Peter López

Personal information
- Full name: Peter López Santos
- Born: September 13, 1981 (age 44) Irvine, California

Sport
- Sport: Taekwondo
- Event: 68 kg

Medal record
Men's taekwondo
Representing Peru
Pan American Games
| Silver medal – second place | 2007 Rio de Janeiro | Featherweight |
South American Games
| Gold medal – first place | 2010 Medellín | Featherweight |

= Peter López =

Peruvian taekwondo athlete (born 1981)

Peter López Santos (born September 23, 1981) is an American-born citizen who is a Peruvian taekwondo fighter. He is most recognized for being a top international featherweight athlete for the Peruvian Taekwondo Team at present.

==Biography==
López was born in Irvine, California, in the United States, but aged five his family returned to live in Surquillo (Lima, Peru) for a few years.

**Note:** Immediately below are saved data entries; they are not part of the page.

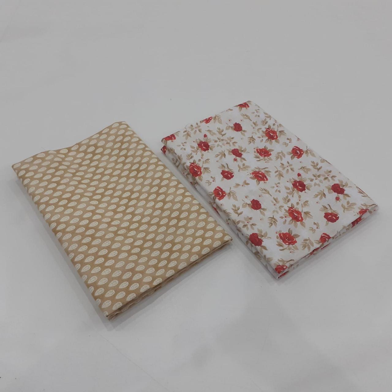 Kit com 02 tecidos tricoline 100% algodão, estampas variadas, cada um com recorte de 50 x 70 cm. Ideal para costura criativa, patchwork, artesanato, forros e aplicações diversas.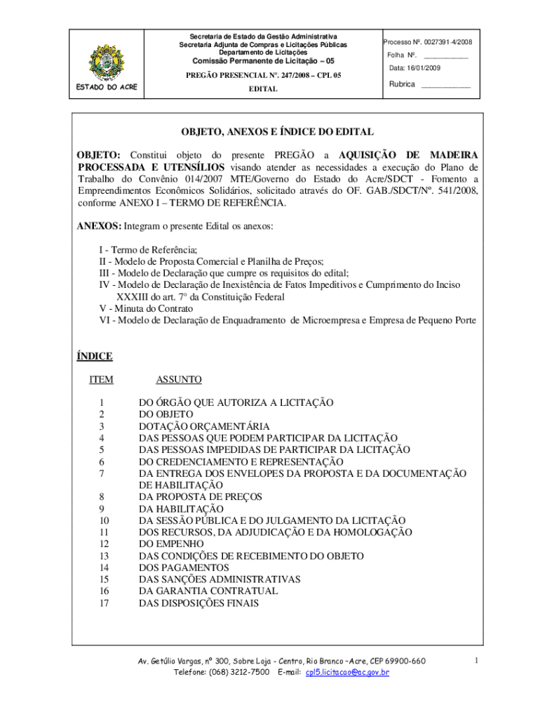 Secretariat de Estado the Gusto Administrative Secretariat Ad junta DE Cameras e Lucites Pelican Department de LicitaesComisso Permanent de Licitao 05Processo N. 00273914/2008 Fol ha N.___Data: 16/01/2009PREGO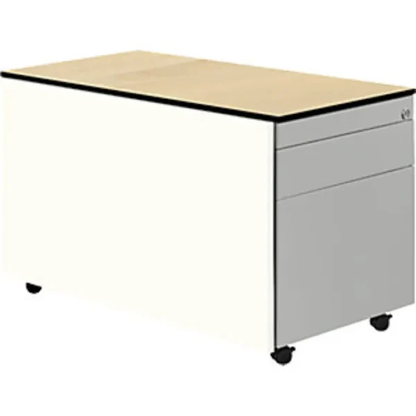 Schubladencontainer mit Rollen, HxT 523 x 800 mm, 1 Materialschub, 1 Hängeregistratur, reinweiß / weißaluminium / Ahorn. Anlieferung = montiert. Höhe = 523 mm. Breite = 417 mm. Tiefe = 800 mm. Utensilienschub = ja. Anzahl Hängeregistraturschübe = 1 Stück. Auszug Hängeregistratur = Vollauszug. Innenmaße Hängeregistratur HxBxT = 280x330x685 mm. Anzahl Materialschübe = 1 Stück. Auszug Materialschub = 75%. Innenmaße Materialschub HxBxT = 80x330x685 mm. Produkttyp = Rollcontainer. Material = Stahl, pulverbeschichtet. Korpusfarbe = reinweiß RAL 9010. Korpusstärke = 0.75 mm. Schubladenmaterial = Stahlblech. Schubladenfarbe = weißaluminium RAL 9006. Schubladentraglast = 18 kg. Schubladen-Anzahl/Größe = 1 Stk HxBxT 80x330x685 mm, 1 Stk HxBxT 280x330x685 mm. Schubladenführung = mit kugelgelagerten Teleskopauszügen. Eigenschaft = verschließbar, Auszugsperre. Radausstattung = 4 Rollen, davon 2 feststellbar. Raddurchmesser = 35 mm. Plattenstärke = 13 mm. Hochwertige Schubladenführung mit Selbsteinzug und Dämpfung. Alle Ausführungen mit Utensilienschub. Materialschübe 75%, Hängeregistraturen 100% ausziehbar. Schubladen mit Griffrinnen auf beiden Seiten und geschlossenem Boden. Hochwertige Führungen mit Selbsteinzug und Dämpfung. Auszugssperre und Drehzylinderschloss, verschiedenschließend. Stabiler, verschweißter Stahlblechkorpus mit hochwertiger Einbrennlackierung. Abdeckplatte HPL-Vollkern 13 mm, Kante schwarz. 1 Materialschub, 1 Hängeregistratur, kleine Schublade mit Teilauszug, große Schublade mit Vollauszug. Montierte Anlieferung.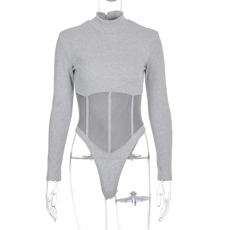 Женское Сетчатое боди Dulzura, облегающее трикотажное боди с длинным рукавом и высоким воротником, одежда для улицы, Осень-зима 2019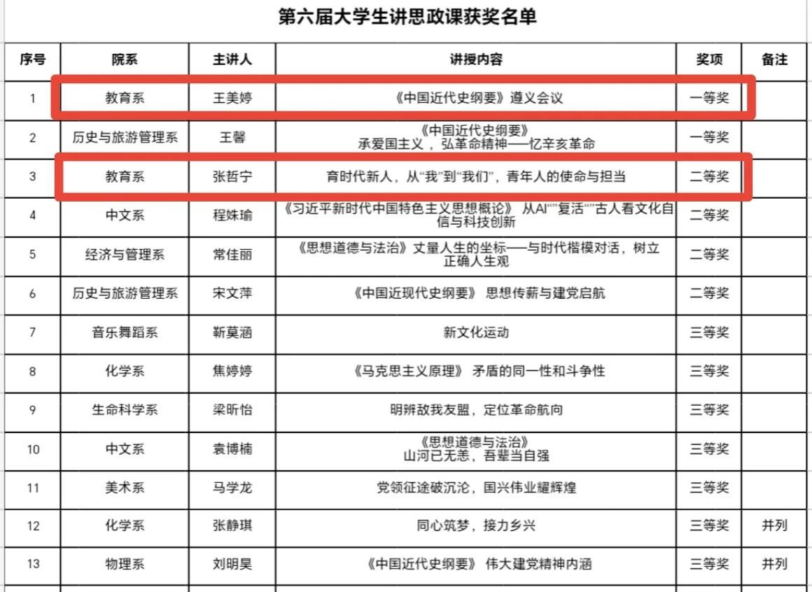 为深入学习贯彻习近平总书记关于学校思政课建设的重要讲话和重要指示批示精神,长治学院举行了第六届"大学生讲思政课"公开课比赛。此次大赛中,我系小教2301班王美婷、杨堃,学前2302班武慧如三名同学荣获一等奖;学前2501班张哲宁、车思颖、佀绣三名同学荣获二等奖。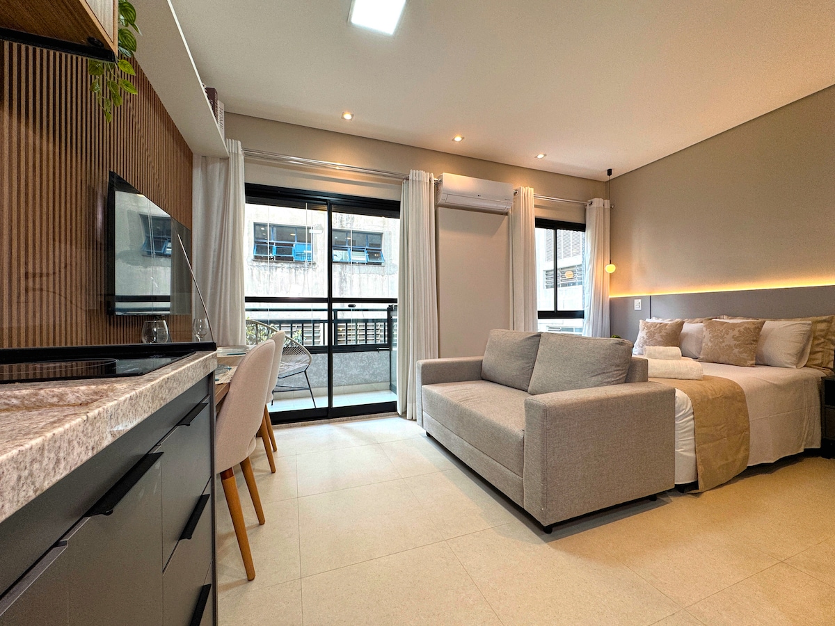 Relax in the best location of São Paulo, between Jardins and Pinheiros. This newly opened studio is a 5-minute walk to the Oscar Freire subway station, in a new building with all the infrastructure for a quiet and comfortable stay. It is on top of a bakery with artisan bread and across the street from a supermarket. The building has coworking and coliving space, laundry room, gym, rooftop pool, and a 24-hour doorkeeper. Wi-Fi 450Mbps.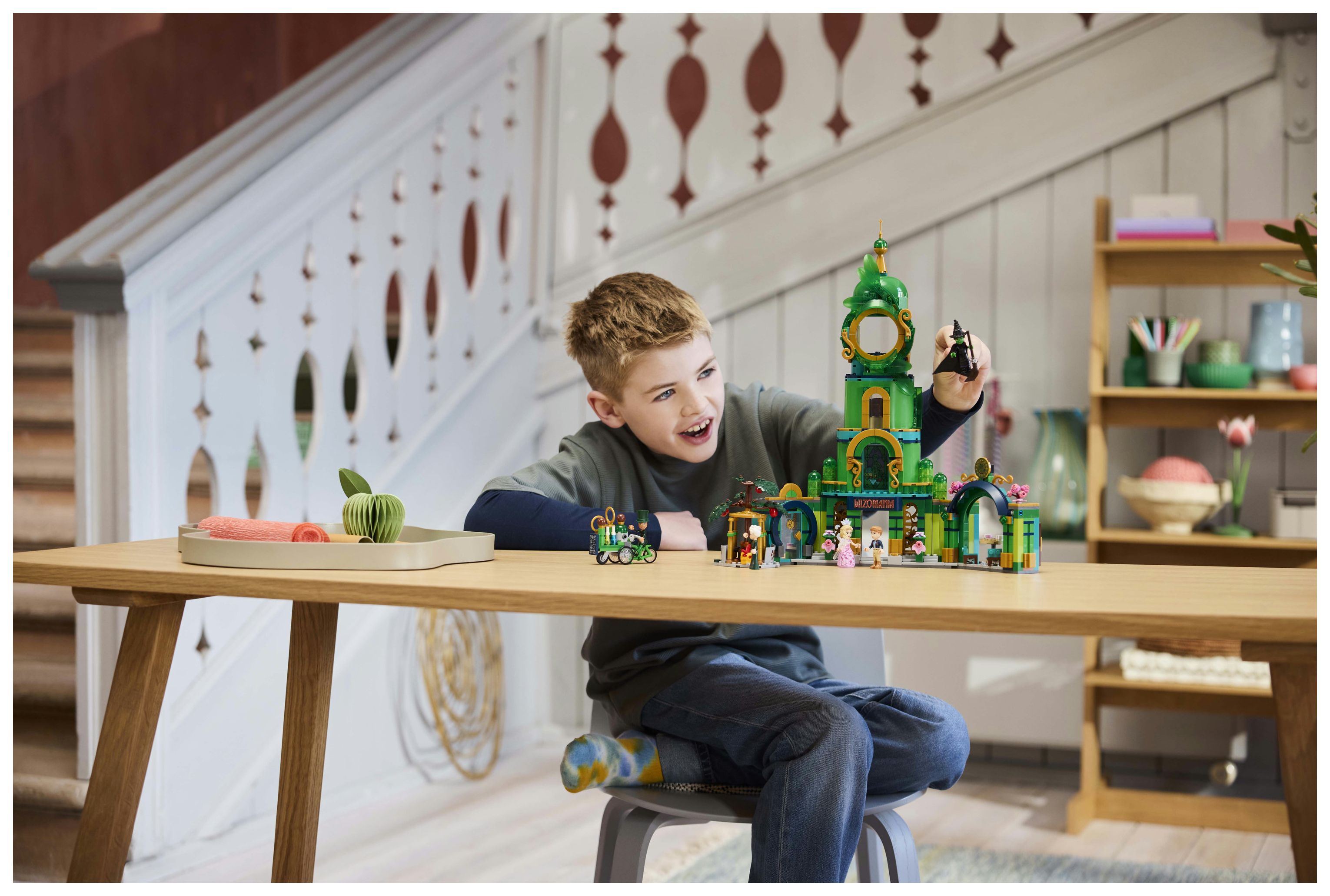 Fantasy-Spielzeug: Diese Spielzeugversion von Emerald City lässt Kinder die Heldinnen Elphaba und Glinda auf Abenteuer ins Land Oz begleiten. Man muss nur den im Set versteckten QR-Code scannen, um weitere coole LEGO® Wicked Momente zu erleben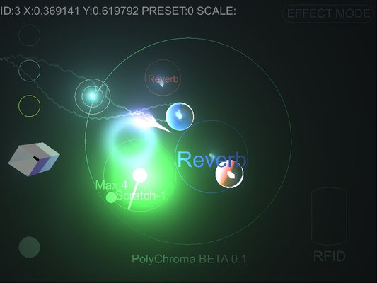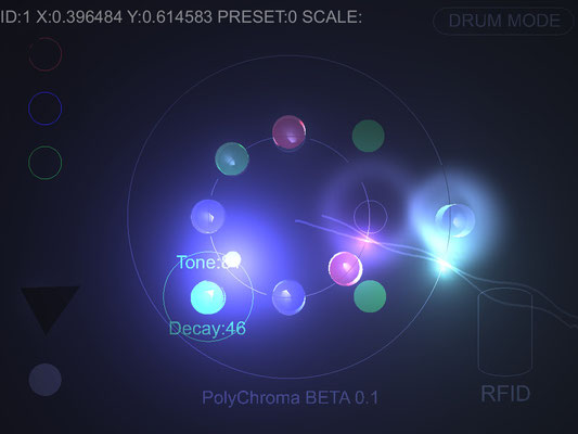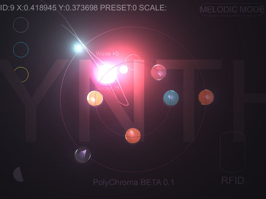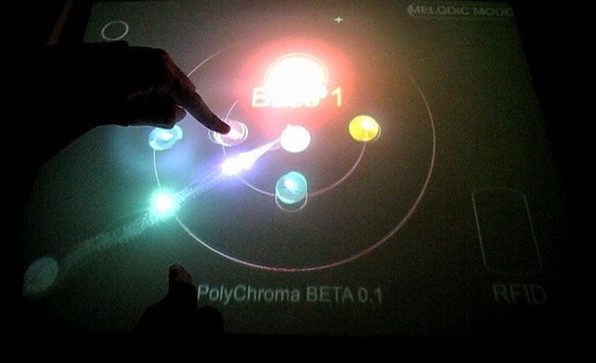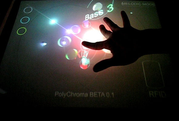 Polychroma est une recherche autour d'un instrument de musique adapté à la performance live. Il est issu d'une nouvelle manière d'aborder l'écriture basée sur un mode de représentation circulaire du temps. L'ajout de chaque pas du séquenceur permet de composer rapidement des motifs mélodiques ou de jouer avec des modèles physiques. consulter le document pdf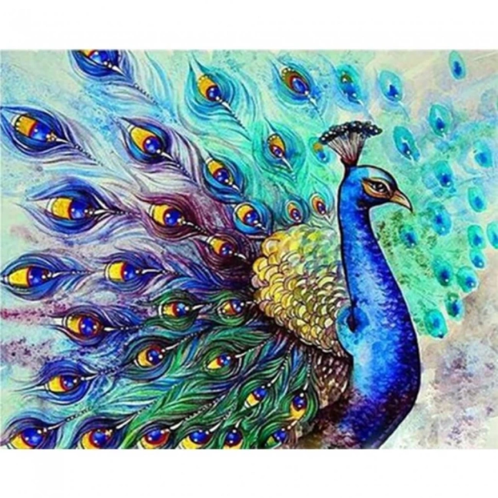 Kanvas Sayılarla Boyama Seti Kasnaklı-çerçeveli Bereket Tavus Kuşu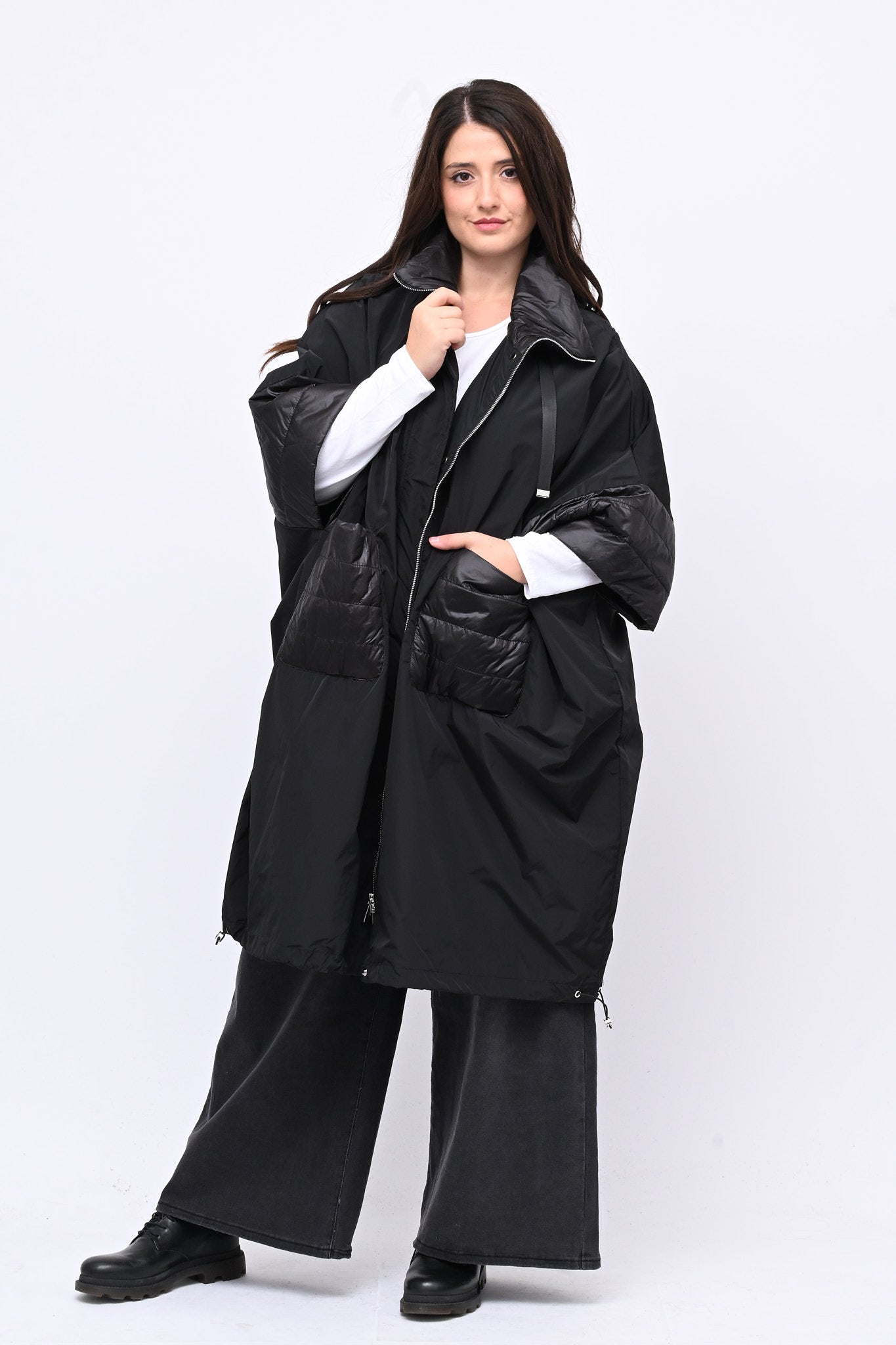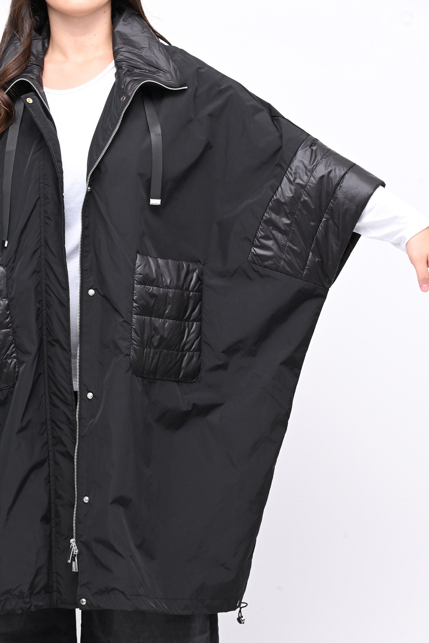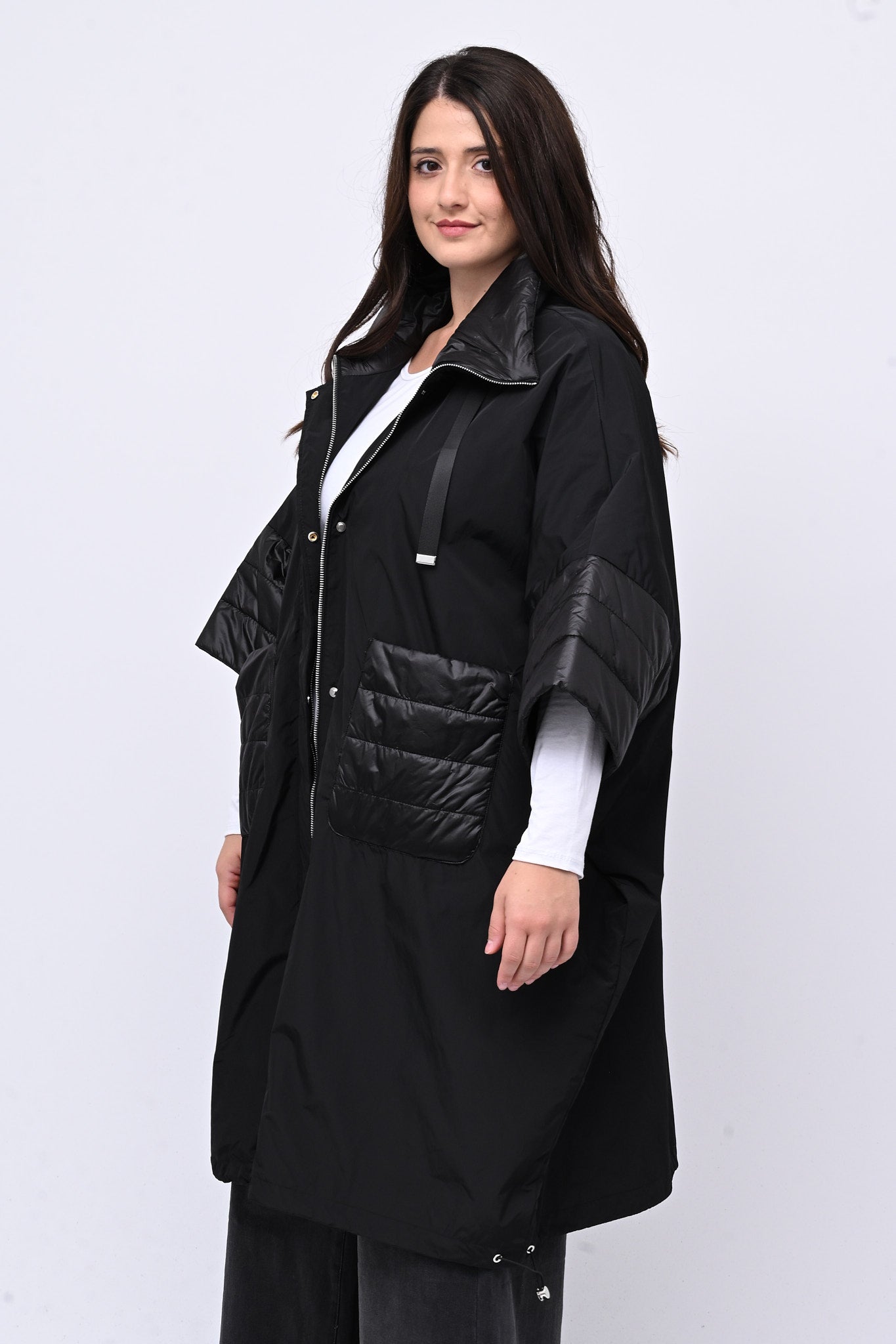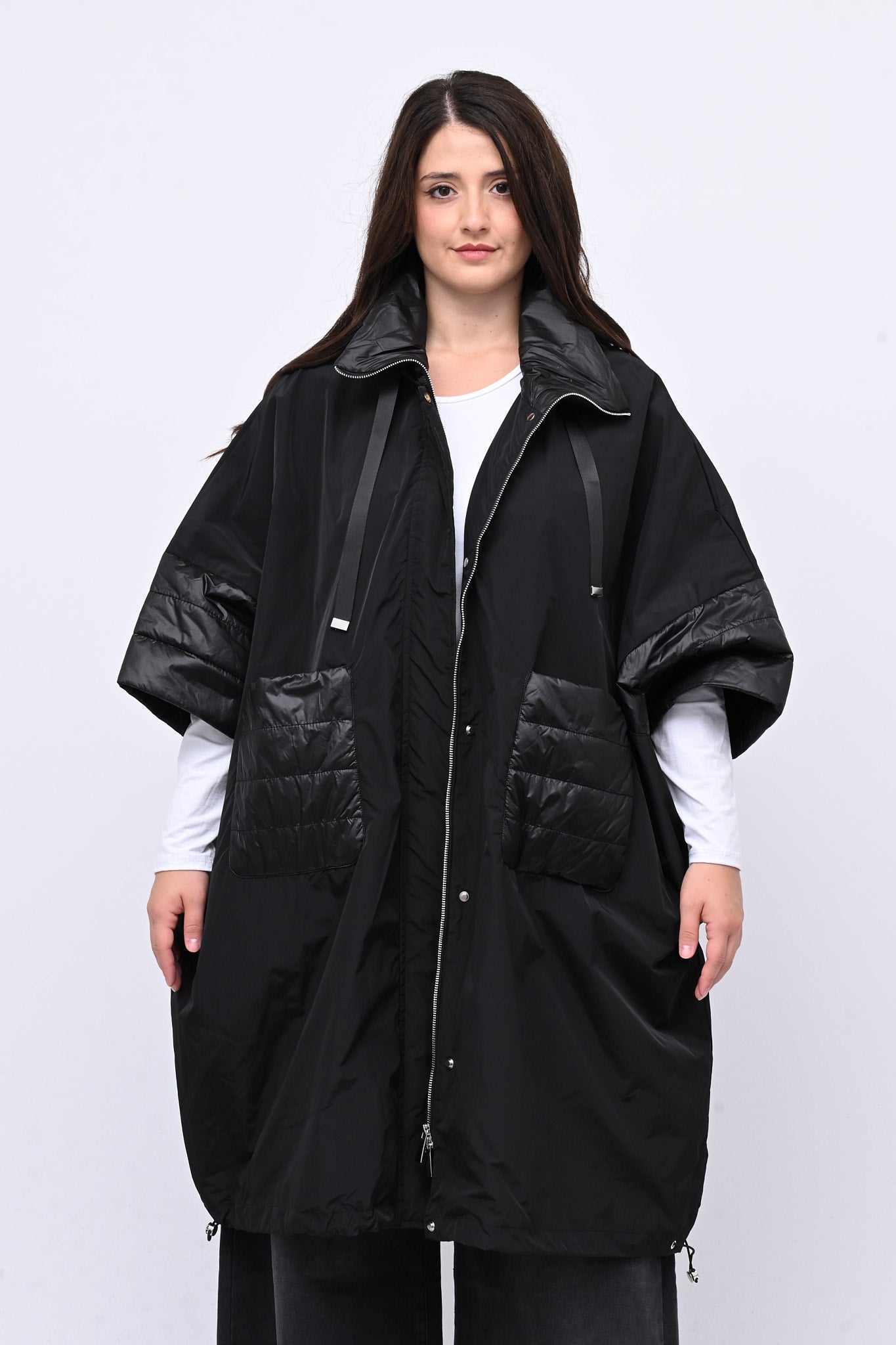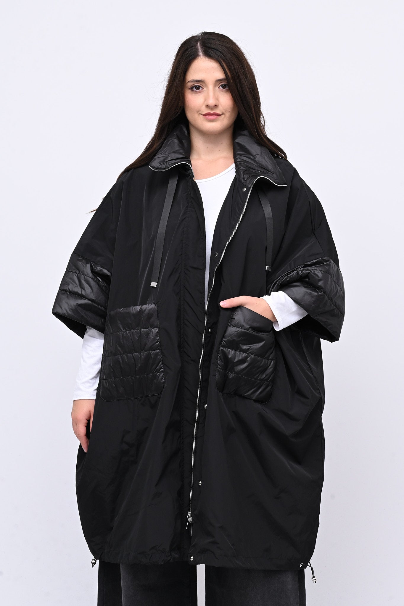 Mantella tecnica a ovetto e manica 3/4. Dotata di zip e automatici, presenta inserti in piumino che garantiscono calore e leggerezza. Perfetta per chi cerca un capo versatile dal tocco sofisticato, funzionale e dallo stile urbano.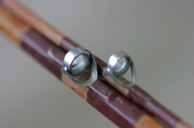 ちなみに写真はバンブーロッド。バッド兼用の2ピースバーションと3ピースバージョン。2ピースのほうはナマズにもいいんじゃないかというようなルアーロッドのような雰囲気。3ピースにするとスロー気味になってフライロッドのような味わい。こーいうロッドは見たことなかった。なるほどなぁ。かなりのオールドロッドで素性がわからなかったけど知りたいものです。
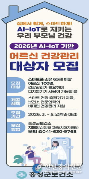 [인천광역신문] 관리자 기자 | 홍성군은 어르신 만성질환 예방과 건강한 노후 생활 지원을 위해 ‘2026년 AI·IoT 기반 어르신 건강관리사업’의 참여 대상자 100명을 모집한다고 밝혔다.

It was in Peru that López started his first taekwondo class with his dad, who would later become his coach during the early years of his career as an athlete.

Eventually the family López returned to the U.S, where he began to competeand won 1998 Youth World Champion, Champion in the older category in 2001, bronze medal of the World Cup 2002, silver medal at the 2002 Pan American Championships and bronze medal at the 2003 World Championship, among others.

In 2004, the Peruvian Taekwondo Federation invited López to lead a training course. It was at this time that he decided to represent Peru. Despite this- the "club Elite" based in Texas- continues to support him. "It's like my family," López once said about this club.

According to the Peruvian Olympic Committee, of the 15 athletes who participated in the 2008 Beijing Olympics, López was the one that had the greatest chance of winning a medal in the 'feather' category (up to 68 kilos). López won his first two matches against Burak Hasan from Australia and Isah Adam Muhammad from Nigeria before losing the semifinal matches against the American Mark Lopez. He would then dispute the bronze medal match against Servet Tazegül from Turkey where he lost by one point.

In 2011, he competed at the 2011 Pan American Games where he would also represent Peru in the 68 kilos category. He did not advance from the quarterfinals.

Lopez represented Peru at the 2012 London Olympics.